The room nestled under the eaves and had a small window with bars across it. Walls of duck-egg blue reflected the cold north light that eased through the window, making the plain room seem even colder. Pegs for hanging her clothes lined the walls at chin height. There was a bed, one chair plus a large chest of drawers on which sat a mirror that swung in its frame. A smaller chest stood beside it on twig-thin legs. When she tried to open the top drawer, a lid sprang open to reveal a porcelain basin complete with stopper and soap. Opening the cupboard lower down revealed a matching jug. A simple washstand, beautifully hidden. She dipped her hand into the jug. The water was cool and the Turkish towel that hung from a hook on the cabinet’s side was thin and had taken on the coldness of the room.
‘Dear God,’ she exclaimed, took a deep breath and closed her eyes. Oh, to be back in Barbados where the sun was warm and washing with cold water was a delight rather than an ordeal.
She shivered again. It was the warmest dress she owned and the soft wool clung stubbornly to her limbs as she tried to peel it off. When her bodice was hanging around her waist and her breasts were bare, someone knocked at the door.
‘Who’s there?’
‘My name’s Edith. My room’s along the end of the landing next to the attic stairs.’ The voice was loud, like that of a market woman selling live chickens or fresh fish. ‘I thought you might need some help in unpacking.’
The door flew open and Edith swept in, her bright smile freezing and her face reddening at the sight of Blanche bare-breasted, her cotton chemise barely reaching to her knees.
‘Oh! Sorry!’
Cold air concerned Blanche more so than modesty. ‘Well, don’t just stand there! Come
in and close the door. It’s cold enough in here as it is and if I don’t get out of these damp things, I’ll be stone dead cold!’
Edith pushed the door behind her and stood looking awkward. She had a round face, pink cheeks that looked like splashed paint and big breasts that strained against the bib of her apron. Blanche guessed Edith liked her food. Her eyes strayed to the contents of the open chest.
‘Looks like you got lovely things.’ She peered closer and trailed her fingers over the soft silks, the muslins, the pretty bonnets and soft kid gloves, the shell-studded jewellery box and finally the silver stopper of the blue scent bottle, which she pulled out and held up to the light.
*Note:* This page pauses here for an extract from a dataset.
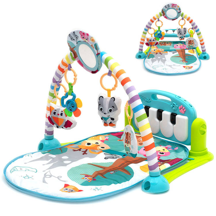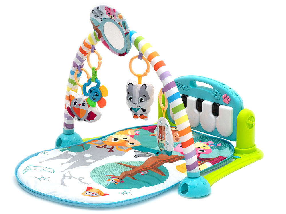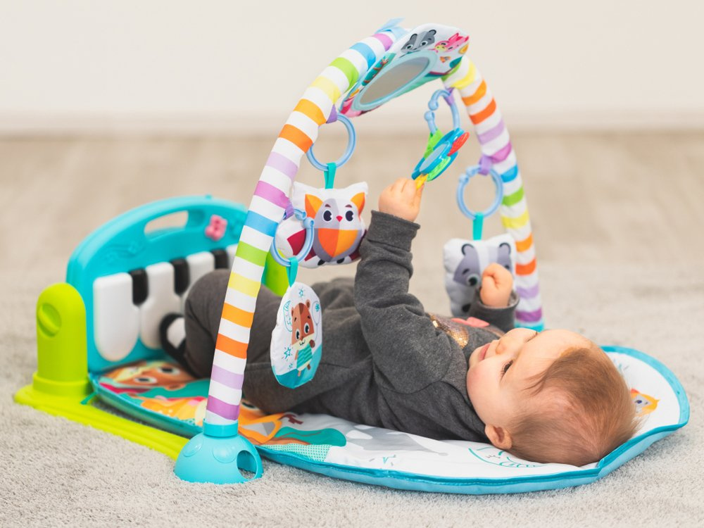 – miesto na precvičovanie – keď vaše dieťa dokáže samostatne zdvihnúť hlavu, oblúk je pripevnený k prednej časti podložky. Leží na brušku a hračky má ľahko na dosah. Pohybom nôh a udieraním do klávesov bude počuť zvuky klavíra.
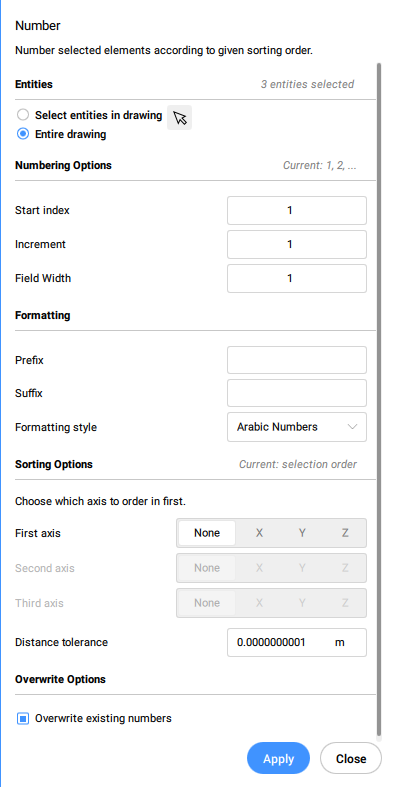 - Define a tolerância de distância para ordenamento na comparação. Os centróides de dois sólidos dentro de uma dada tolerância são considerados iguais e serão numerados em ordem de seleção.

‘I’ve seen one like this before,’ she said dreamily.
Blanche stopped straightening her dress. ‘Where?’
Edith shrugged. ‘Don’t know for sure… but… oh, yes. I was sent to collect it from a shop near John Street. I was given a letter to go with it and was then told to take it to one of the ships going to the Sugar Islands.’
‘A letter?’
‘Yes.’
Suddenly Blanche felt as though she were melting. ‘Who was the letter from?’
‘The master writing to his brother, I expect. Mr Otis runs the plantation. Did you know him?’
For a moment it was difficult to answer. ‘Everyone on the island knows him. He’s a very important man.’
Edith nodded as though she did and didn’t understand.
‘It’s very precious,’ she said, took it from Edith and placed it back in the chest beneath the jewellery box, her hand shaking slightly.
Edith watched with interest as Blanche chose a pale blue linen dress to wear. Heavier than muslin, she’d always thought it ugly, but it might keep her warm. ‘Well,’ she said as she shrugged her arms into her sleeves and turned her back towards Edith, ‘are you going to help me?’
Edith blinked herself into sudden alertness. ‘Sorry. I was just thinkin’ I ain’t ever seen anyone as dark-skinned as you – only they blokes that comes over from America looking for work and begging on the streets. Runaway slaves, they is, oh and some of the seamen.’ She giggled before returning to her constant stream of words. ‘But then not naked! I ain’t seen any of them naked, or even almost naked, no matter what colour their skins. My, my! Just look! You’re covered in goose pimples. You must be freezing. Why ain’t you lit the fire? Ain’t you got no tinder box?’